Vintage Signed Crown Trifari © Green Thermoplastic Pendant Necklace with Clear Pave Swirl - This moss green pendant has an "end of day Bakelite" swirled or marbled effect but 2024 I don't believe it is Bakelite. Clear pave set in silvertone sweeps around one side and ends at center top. 24" silvertone snake chain. Signed Crown Trifari and © on the back of the pendant, which measures approximately 1.5" in diameter, and about 1/2" thick at thickest point. Excellent condition, the pave is nice and sparkly, and the design execution is of the usual high quality. This was also done in black and probably other colors as well. I have photoed it both full length and with the chain doubled around the neck form for easier viewing. Very pretty! This style was originally priced at $8.00 in 1974 and the color was referred to as "jade" and was done in goldtone without the pave rhinestones. The general style name for this and several other similar designs in pendant necklaces, brooches and earrings was "The Seventy Fourcasters"! (Info courtesy of the 1974 fall-winter Trifari catalog. ) One would assume the silvertone and pave version was done the following spring but I haven't any corroboration of this, and could have been done earlier as well.

Gustavo Trifari, an Italian immigrant to the US, may have started his business with an uncle, and called the business Trifari and Trifari, but apparently Gustavo and the uncle parted company within a few years.
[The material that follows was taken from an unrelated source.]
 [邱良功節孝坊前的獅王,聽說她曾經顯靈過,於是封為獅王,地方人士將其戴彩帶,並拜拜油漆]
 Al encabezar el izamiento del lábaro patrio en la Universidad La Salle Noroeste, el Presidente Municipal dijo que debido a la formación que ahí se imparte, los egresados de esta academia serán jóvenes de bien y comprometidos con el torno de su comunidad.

Gustavo went into business with Leo Krussman somewhere around 1918, and were later joined by Carl Fishel. (Apparently the mark TK in a circle has been found in a 1922 Jewelers' Circular, which would infer than Fishel was not part of the organization at that time.) TKF was an abbreviation for the last names (Trifari, Krussman, and Fishel) and the first substantiated use of this mark, a large T flanked by a smaller K and F, is about 1935. Later, it was decided to use just the word "Trifari" rather than the more cumbersome three names, as the owners felt it sounded elegant and European. A crown has been used with the word Trifari in both the advertising and actually on the signature stamping, usually on the more expensive pieces, though the absence or presence of the crown itself may not be of any significance.
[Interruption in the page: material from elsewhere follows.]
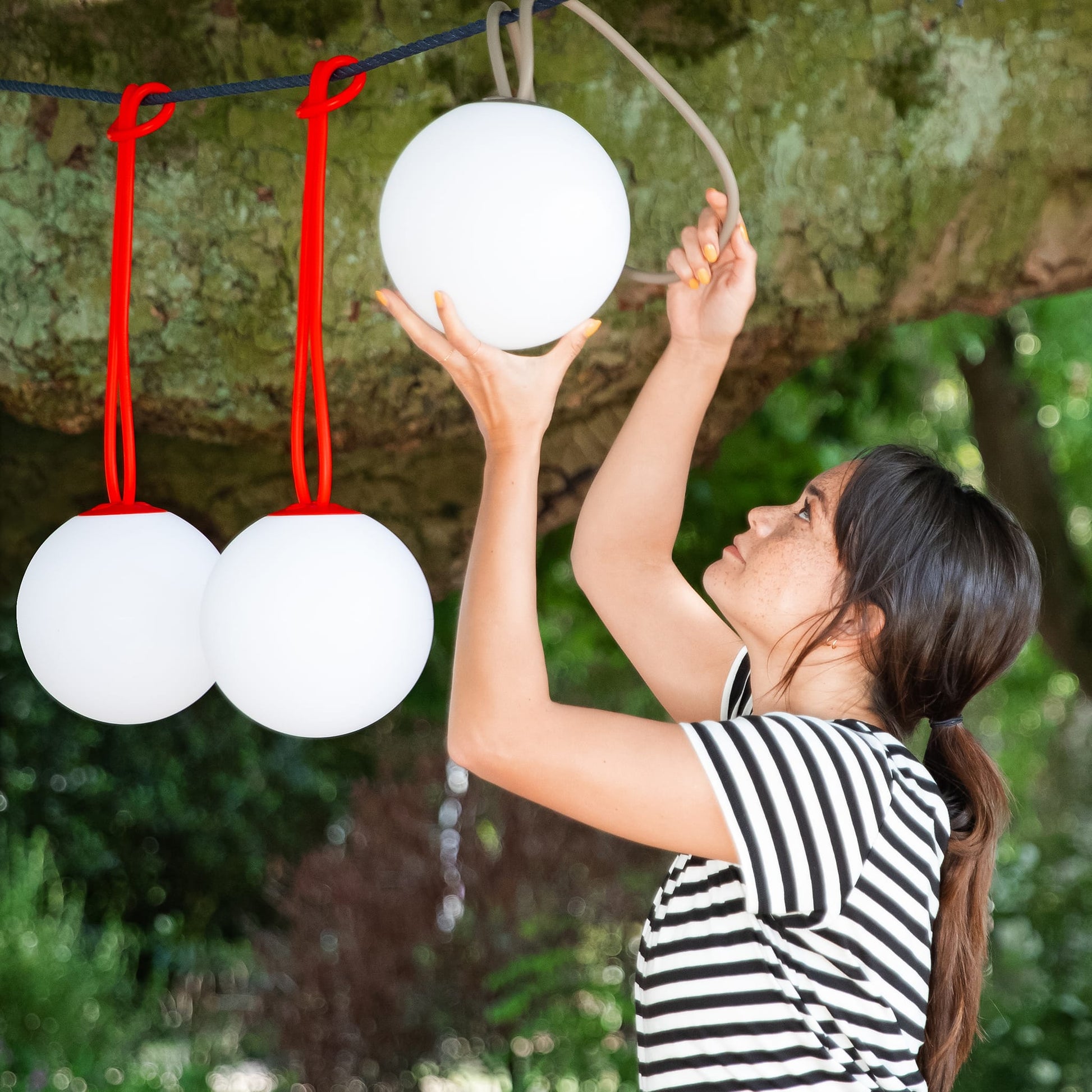 Bolleke is the ultimate mood maker. It ramps up the ambience wherever you use it. And you don't need an electrical outlet or extension cable either. This spherical light can easily be hung on a cord or hook on a tree or even under your parasol. Time to go inside because darkness has fallen? Why? With Bolleke the evening is still young.

Many collectors feel that Trifari jewelry, especially those pieces from the 1930's-1960, are among the finest pieces of costume jewelry ever produced. Though Alfred Philippe was head designer for many years and signed most of the design patents issued to Trifari, a number of top notch designers worked for the company, such as Alfred Spaney, Norman BelGeddes, Bennetto Panetta, Joseph Wuyts, and later, Marcella Saltz, Diane Love, Jean Paris, Jonathan Bailey, Kunio Matsumoto and Aldo Cipullo. One designer in the 1960's started his own company (Dewees) and after it's closing, returned to Trifari for a short time before retiring. When one reads of the extensive quality control used in the production of the pieces, it is no wonder they often remain as beautiful today as they were when produced. It is interesting to see how, over the years, the same designs were varied, with and without stones, with and without enameling, and in various stones colors if stones were used.